=== STUDY MATERIAL ===
- - -

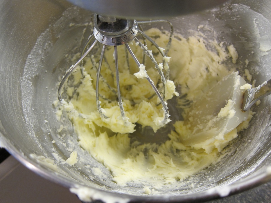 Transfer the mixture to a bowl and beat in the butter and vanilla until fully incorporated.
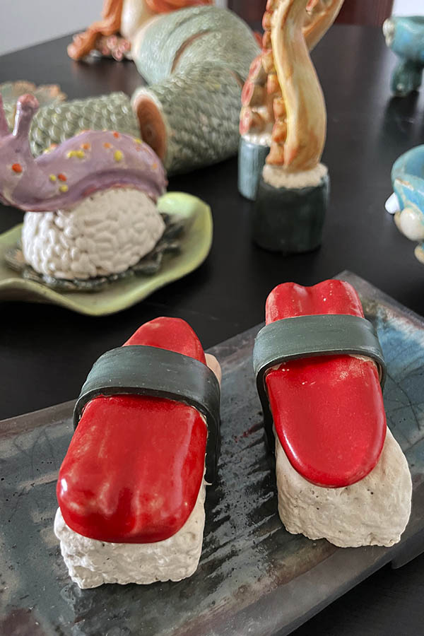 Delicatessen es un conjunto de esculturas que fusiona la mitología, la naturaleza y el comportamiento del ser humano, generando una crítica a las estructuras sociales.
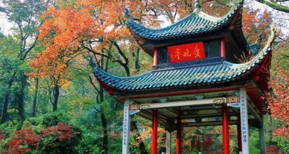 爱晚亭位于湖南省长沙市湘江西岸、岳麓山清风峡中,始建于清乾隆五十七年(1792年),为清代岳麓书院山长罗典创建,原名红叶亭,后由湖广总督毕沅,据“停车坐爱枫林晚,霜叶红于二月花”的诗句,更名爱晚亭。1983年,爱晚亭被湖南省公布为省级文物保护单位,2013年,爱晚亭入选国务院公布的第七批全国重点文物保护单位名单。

- - -

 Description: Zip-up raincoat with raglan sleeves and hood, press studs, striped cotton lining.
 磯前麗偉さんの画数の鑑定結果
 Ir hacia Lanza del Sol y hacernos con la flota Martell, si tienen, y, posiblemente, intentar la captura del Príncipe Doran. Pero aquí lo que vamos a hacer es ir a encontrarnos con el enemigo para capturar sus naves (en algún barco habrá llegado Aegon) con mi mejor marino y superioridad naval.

- - -

=== EXERCISE OBJECTIVE ===
In the material above, one part opens with the line containing "Delicatessen es un" and closes with the line containing "爱晚亭位于湖南省长沙市湘江西". Write out that part exactly and skip its pictures.

=== FINISHED TASK ===
 Delicatessen es un conjunto de esculturas que fusiona la mitología, la naturaleza y el comportamiento del ser humano, generando una crítica a las estructuras sociales.
 爱晚亭位于湖南省长沙市湘江西岸、岳麓山清风峡中,始建于清乾隆五十七年(1792年),为清代岳麓书院山长罗典创建,原名红叶亭,后由湖广总督毕沅,据“停车坐爱枫林晚,霜叶红于二月花”的诗句,更名爱晚亭。1983年,爱晚亭被湖南省公布为省级文物保护单位,2013年,爱晚亭入选国务院公布的第七批全国重点文物保护单位名单。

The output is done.